But honestly I don't think poetry's any big deal, really. Mostly, it's really just a question of keeping a rhythm inside your head. And I guess paying close attention to how each word sounds, and how it goes along with the other words. But it's the rhythm that's the real thing, in my eyes. (When I try to write sonnets I usually repeat "Shall I compare thee to a summer's day?" in my head in order not to lose track of the rhythm.;))
This being said, attempting to write sonnets in English is much easier than in Swedish. English has a lot more monosyllabic words and hence a lot more rhymes an dmore ways of fiddling around with the lines. Also, I've read somewhere that the fundamental rhythm of the language is iambic - da-dam rather than dam-da - and it seems to fit.
I like Usopp's and Zoro's best, however I like the first line of Nami's best. <3
Glad you like them! Usopp's was made to set the template, kinda, and then the other three differing from that.
no subject
Date: 2008-08-09 12:01 pm (UTC):D Show-off :D (I mean that in all fondness and real awe, I'm not kidding). I don't know why I can't do it myself, maybe I lack a kind of logic circuit for holding the rhymes and meter in my mind. So it remains kinda mysterious for me! ::makes spooky hand motions::
And, funnily enough, I remember and English teacher saying that English is actually a difficult language to do sonnet-type poetry because the original sonnet was Italian, which has loads of rhymable words. On the other hand, if English is iambic then I guess that offsets the problem somewhat.
no subject
Date: 2008-08-09 03:33 pm (UTC)And, funnily enough, I remember and English teacher saying that English is actually a difficult language to do sonnet-type poetry because the original sonnet was Italian, which has loads of rhymable words.

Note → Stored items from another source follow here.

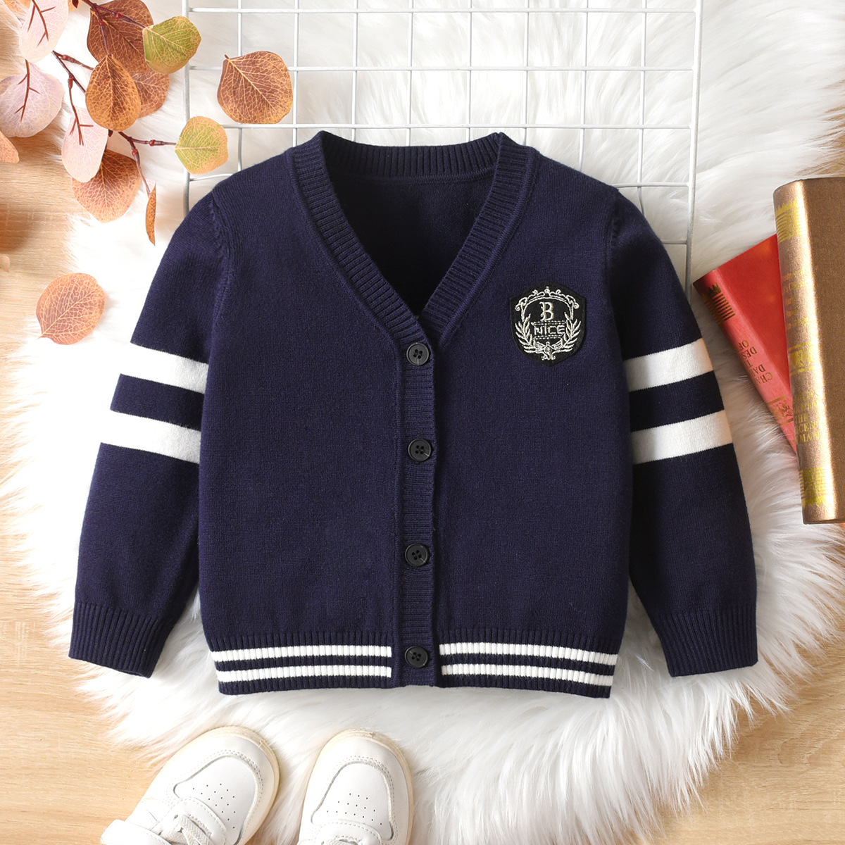 소년 줄무늬 카디건 가을과 겨울 새로운 어린이 니트웨어 세련된 스웨터 중대형 어린이 학교 유니폼 코트 가을 옷스토어 가기
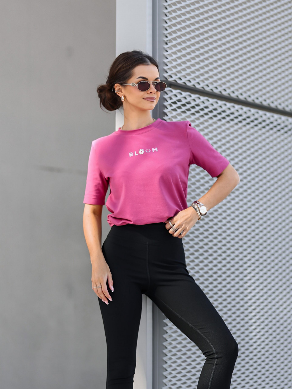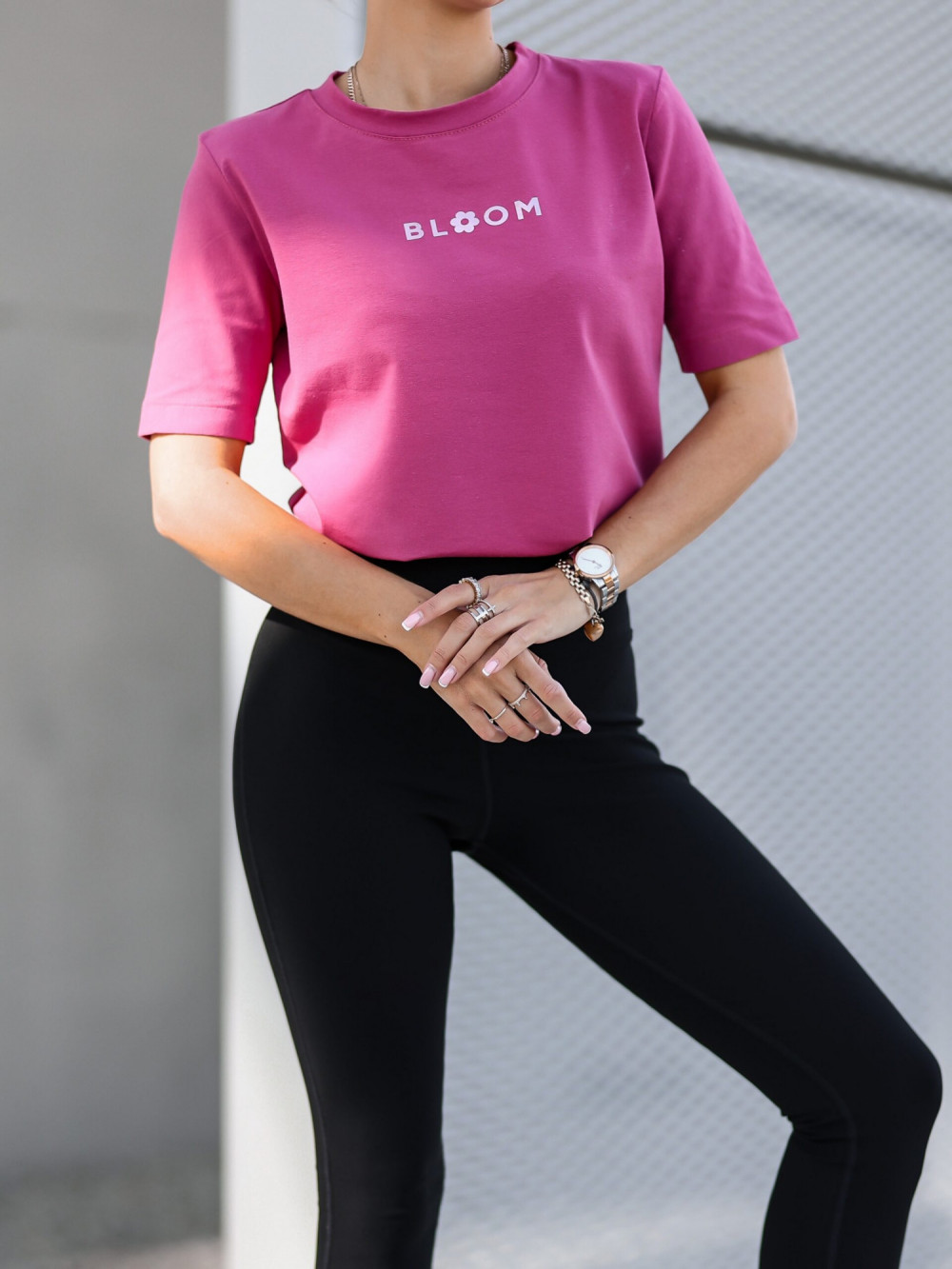 Stylowa koszulka damska w odcieniu malaga (głęboki, winny fiolet). Wykonana z wysokiej jakości bawełny, przyjemnej w dotyku i komfortowej w noszeniu. Z przodu nadrukowany napis Bloom nadaje całości kobiecego i pozytywnego charakteru. Klasyczny krój z okrągłym dekoltem sprawia, że to idealna baza do codziennych stylizacji.
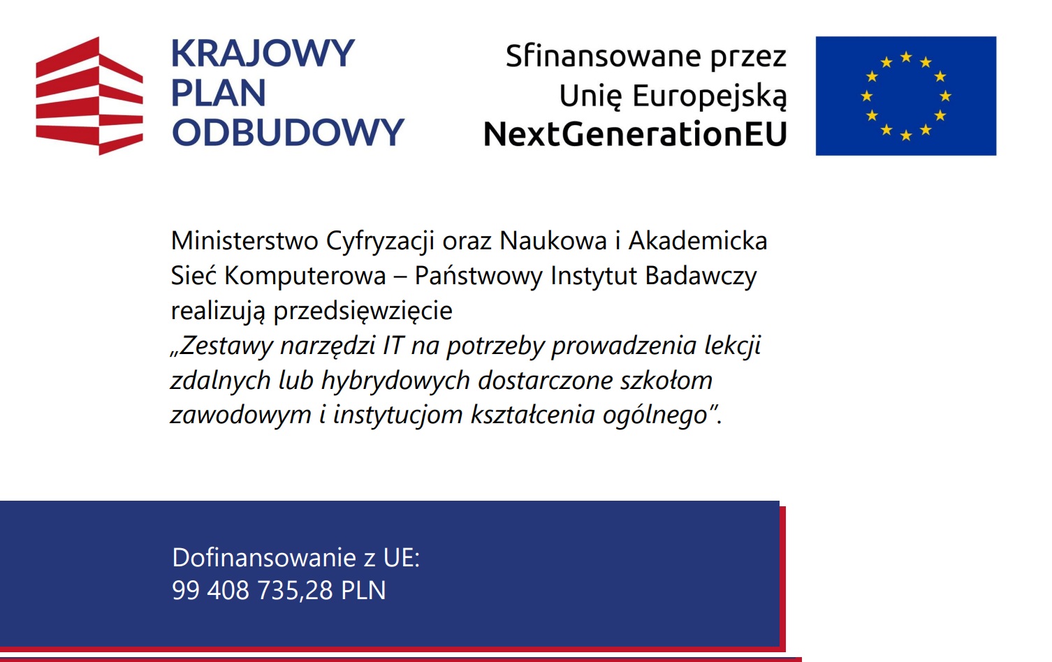Zestawy narzędzi IT na potrzeby prowadzenia lekcji zdalnych lub hybrydowych dostarczone szkołom zawodowym i instytucjom kształcenia ogólnego Zdjęcia (2) Pokaż zdjęcie 1 z galerii. Pokaż zdjęcie 2 z galerii.
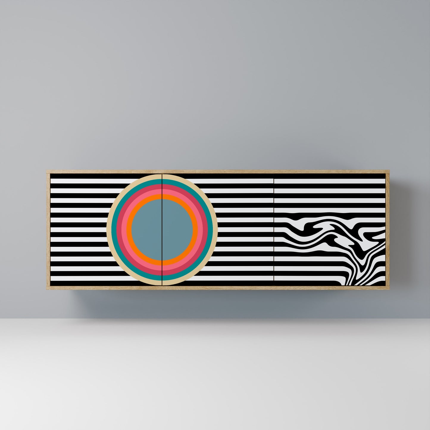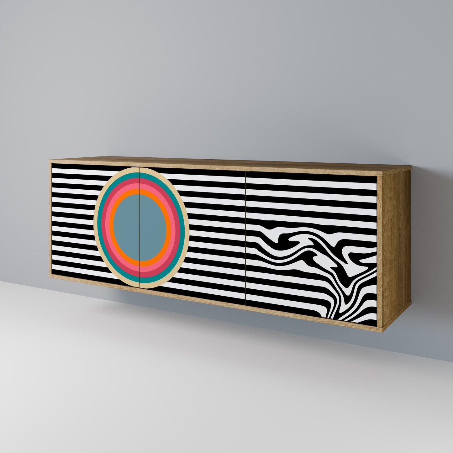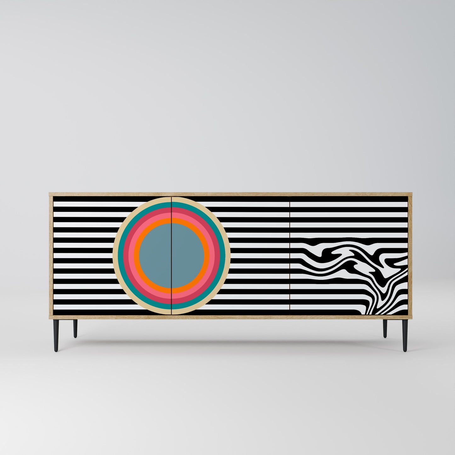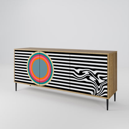 Discover the elegance and natural beauty of wood with our 3-door sideboard in oak finish. This stylish piece combines the sturdiness of a wooden body with the aesthetic detail of printed front doors, creating a cohesive and attractive design. Perfect for both the living room and bedroom, this sideboard adds a touch of class and functionality to any interior.
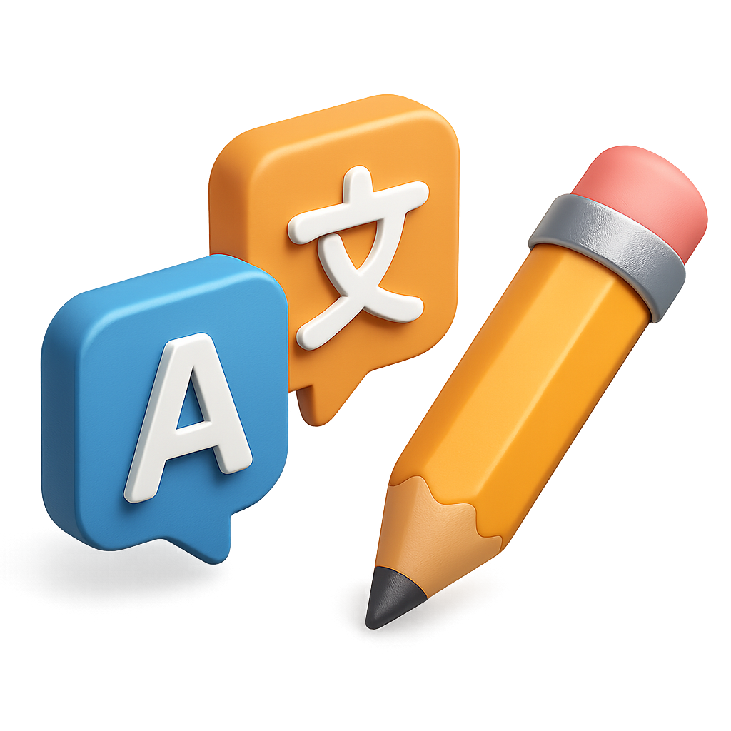 3D Language Translation Icon with Pencil and Speech Bubbles
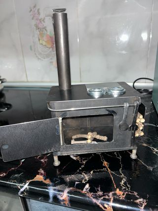 Mini horno portátil de metal, ideal para camping o exteriores. Su diseño compacto lo hace fácil de transportar. - Construcción robusta en metal. - Puerta frontal con bisagras. - Chimenea para ventilación.
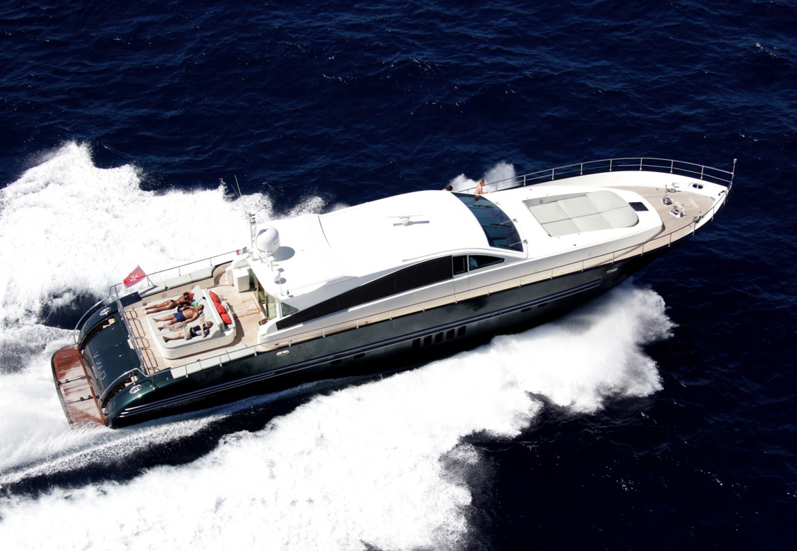 Motor yacht CLAN V is a performance Leopard Arno measuring 27m (88.7ft). Launched in 2005, the CLAN V yacht offers accommodation for up to 7 charter guests in 3 spacious cabins, each with private en-suite facilities. With a professional crew of 2, M/Y CLAN V is ideal for cruising the idyllic West Mediterranean on a luxury yacht charter.

Huh. That may well be true in that Italian would probably be even easier, rhyming-wise. But compared to Swedish, English is way easy!^_^ Also, I'm just speculating but the abundance of short words may make it easier for English sonnetists to cram more content into their lines than for Italian. (I've seen something like that when it comes to haikus.)
no subject
Date: 2008-08-12 10:07 pm (UTC)Really nice poetry. I'm seriously impressed.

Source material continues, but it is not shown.